REQUIREMENT
Below are some entries. Transcribe the lines from the one holding "Pirmosios 13-ojo turo" to the one holding "Bullet card damage.", inclusive, but not the pictures among them.

INFORMATION GIVEN
------------

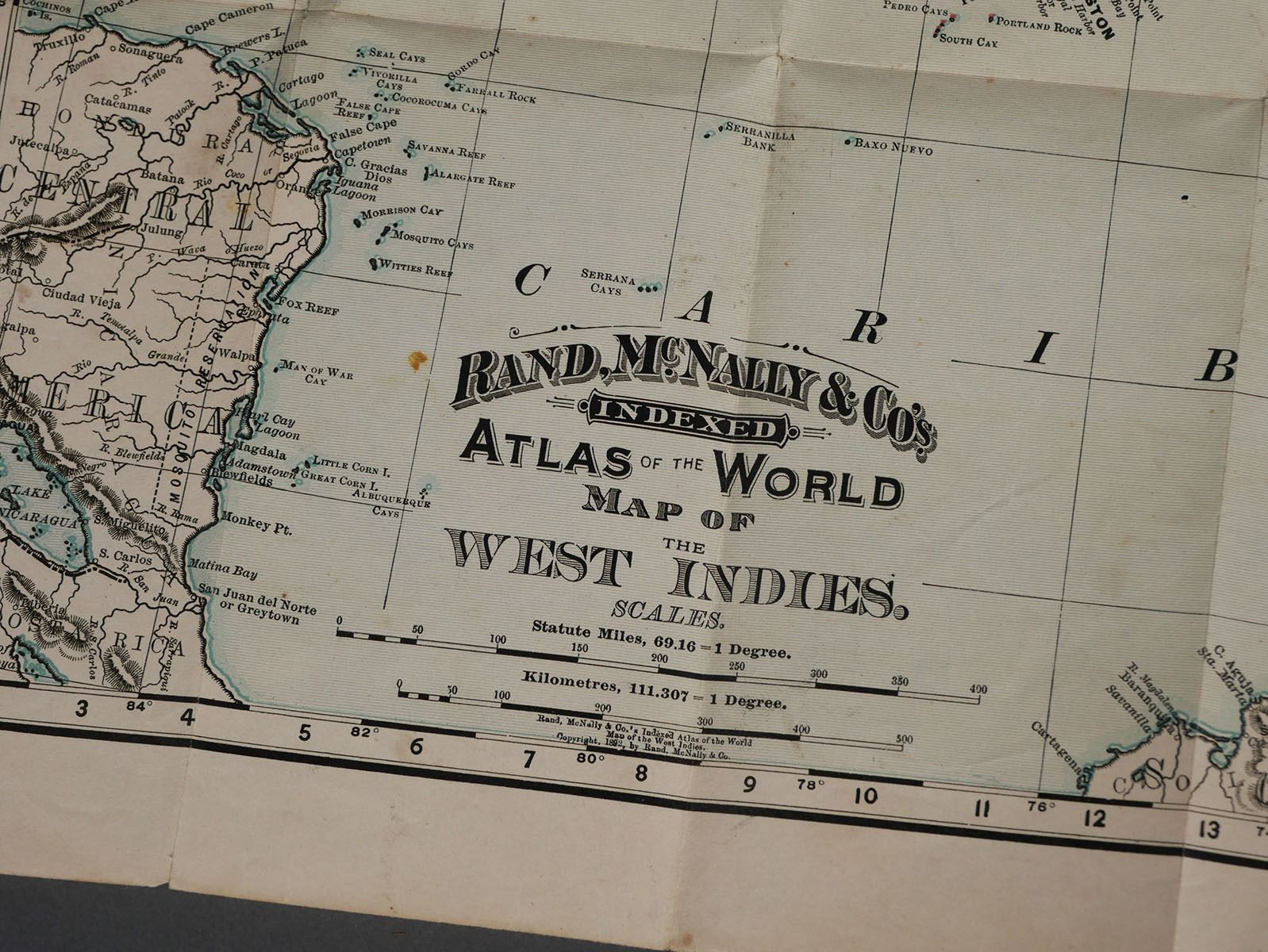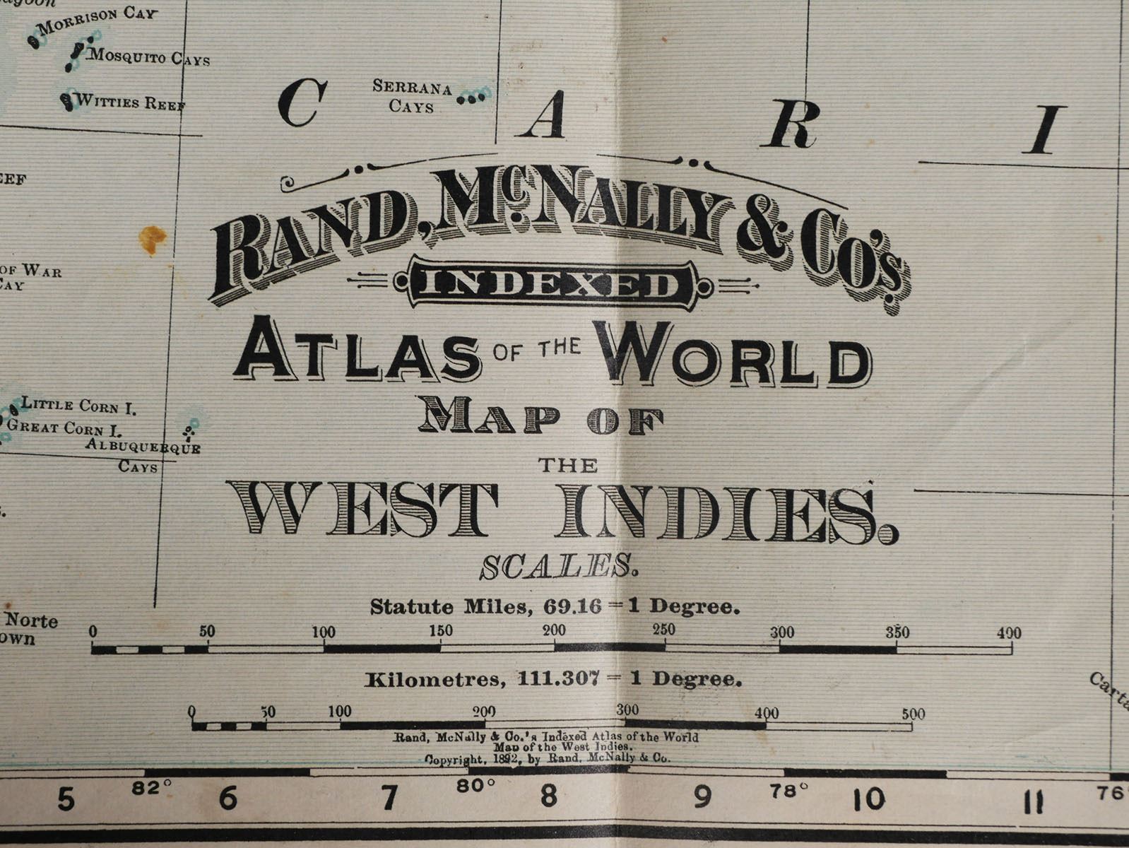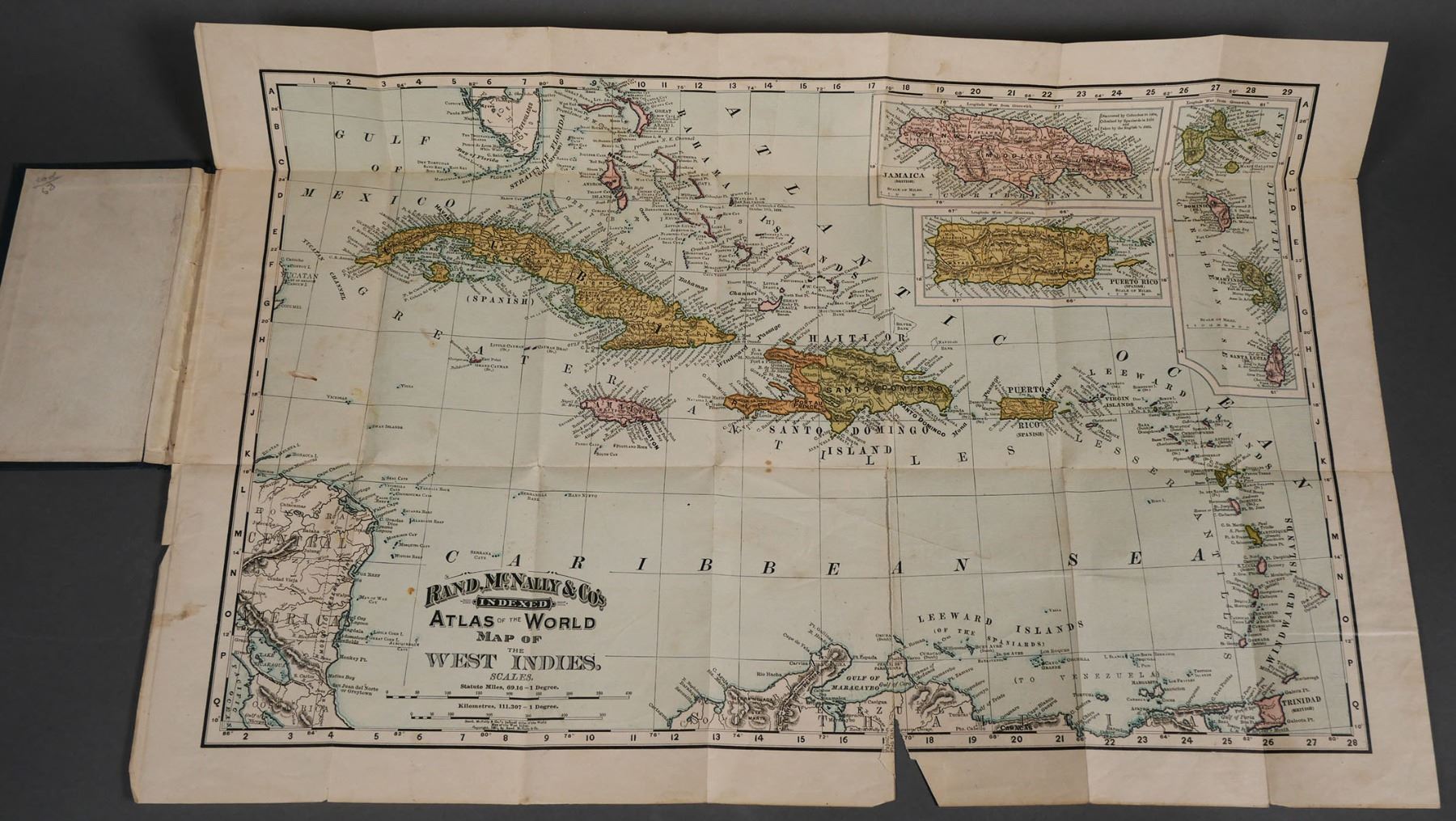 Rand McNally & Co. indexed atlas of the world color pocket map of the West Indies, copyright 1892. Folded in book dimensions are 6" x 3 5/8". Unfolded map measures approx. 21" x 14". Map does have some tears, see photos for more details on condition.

------------

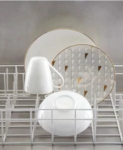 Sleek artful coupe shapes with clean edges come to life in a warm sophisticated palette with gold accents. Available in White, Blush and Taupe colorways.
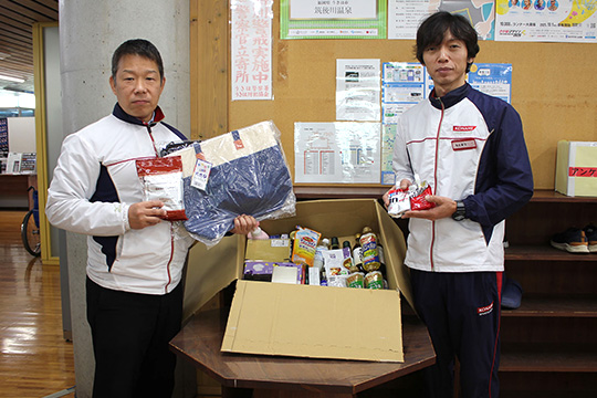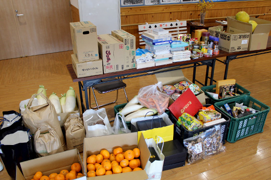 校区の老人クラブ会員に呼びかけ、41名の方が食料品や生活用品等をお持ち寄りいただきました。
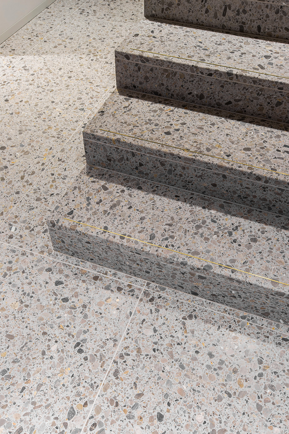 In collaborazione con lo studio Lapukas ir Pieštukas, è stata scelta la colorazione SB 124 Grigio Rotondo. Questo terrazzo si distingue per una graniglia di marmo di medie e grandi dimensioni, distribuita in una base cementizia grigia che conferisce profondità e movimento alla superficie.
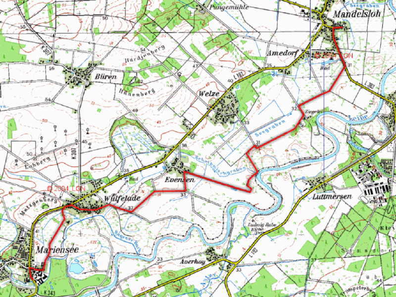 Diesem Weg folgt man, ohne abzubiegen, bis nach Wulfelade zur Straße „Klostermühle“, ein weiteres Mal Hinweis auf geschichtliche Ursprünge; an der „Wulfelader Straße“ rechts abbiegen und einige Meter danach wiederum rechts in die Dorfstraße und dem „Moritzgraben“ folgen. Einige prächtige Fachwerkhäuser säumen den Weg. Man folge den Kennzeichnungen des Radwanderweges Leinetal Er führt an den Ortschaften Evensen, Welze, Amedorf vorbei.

------------

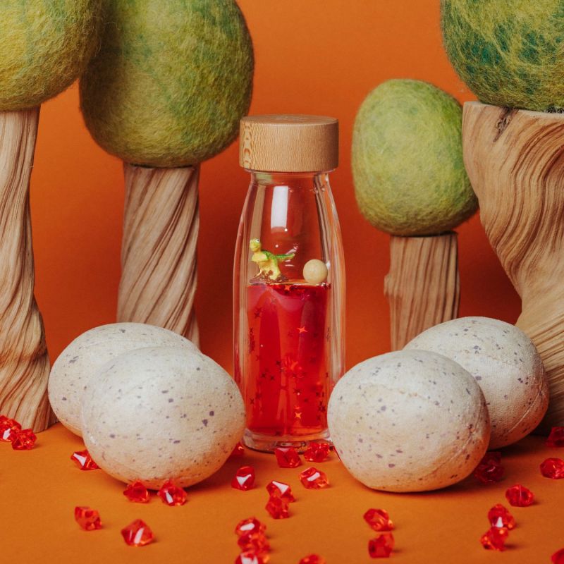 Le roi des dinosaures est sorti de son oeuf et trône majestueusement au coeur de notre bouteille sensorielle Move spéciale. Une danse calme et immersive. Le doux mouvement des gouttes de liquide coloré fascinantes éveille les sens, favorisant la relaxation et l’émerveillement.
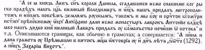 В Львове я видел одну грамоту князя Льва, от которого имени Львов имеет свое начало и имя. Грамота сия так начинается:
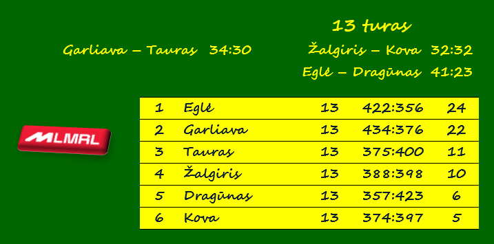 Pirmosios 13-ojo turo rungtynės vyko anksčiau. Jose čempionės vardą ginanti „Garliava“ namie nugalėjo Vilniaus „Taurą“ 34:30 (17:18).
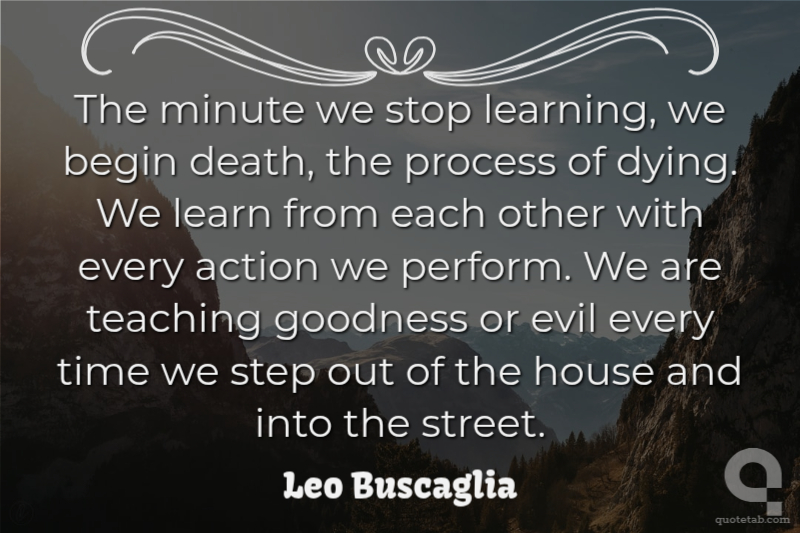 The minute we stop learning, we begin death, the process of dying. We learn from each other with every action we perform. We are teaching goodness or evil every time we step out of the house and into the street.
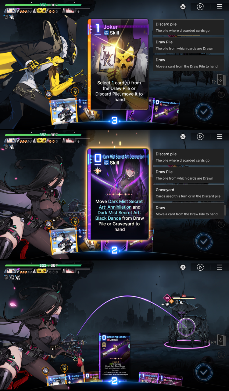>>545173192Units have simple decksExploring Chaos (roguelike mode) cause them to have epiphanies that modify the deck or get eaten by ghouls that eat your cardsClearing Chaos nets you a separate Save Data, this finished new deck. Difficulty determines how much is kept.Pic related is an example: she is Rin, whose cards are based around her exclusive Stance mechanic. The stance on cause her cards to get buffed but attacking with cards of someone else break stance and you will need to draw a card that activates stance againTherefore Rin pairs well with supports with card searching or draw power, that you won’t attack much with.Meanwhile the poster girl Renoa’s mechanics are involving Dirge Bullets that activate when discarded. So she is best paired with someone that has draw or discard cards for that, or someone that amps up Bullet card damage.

------------

ANSWER TO THE EXERCISE
 Pirmosios 13-ojo turo rungtynės vyko anksčiau. Jose čempionės vardą ginanti „Garliava“ namie nugalėjo Vilniaus „Taurą“ 34:30 (17:18).
 The minute we stop learning, we begin death, the process of dying. We learn from each other with every action we perform. We are teaching goodness or evil every time we step out of the house and into the street.
>>545173192Units have simple decksExploring Chaos (roguelike mode) cause them to have epiphanies that modify the deck or get eaten by ghouls that eat your cardsClearing Chaos nets you a separate Save Data, this finished new deck. Difficulty determines how much is kept.Pic related is an example: she is Rin, whose cards are based around her exclusive Stance mechanic. The stance on cause her cards to get buffed but attacking with cards of someone else break stance and you will need to draw a card that activates stance againTherefore Rin pairs well with supports with card searching or draw power, that you won’t attack much with.Meanwhile the poster girl Renoa’s mechanics are involving Dirge Bullets that activate when discarded. So she is best paired with someone that has draw or discard cards for that, or someone that amps up Bullet card damage.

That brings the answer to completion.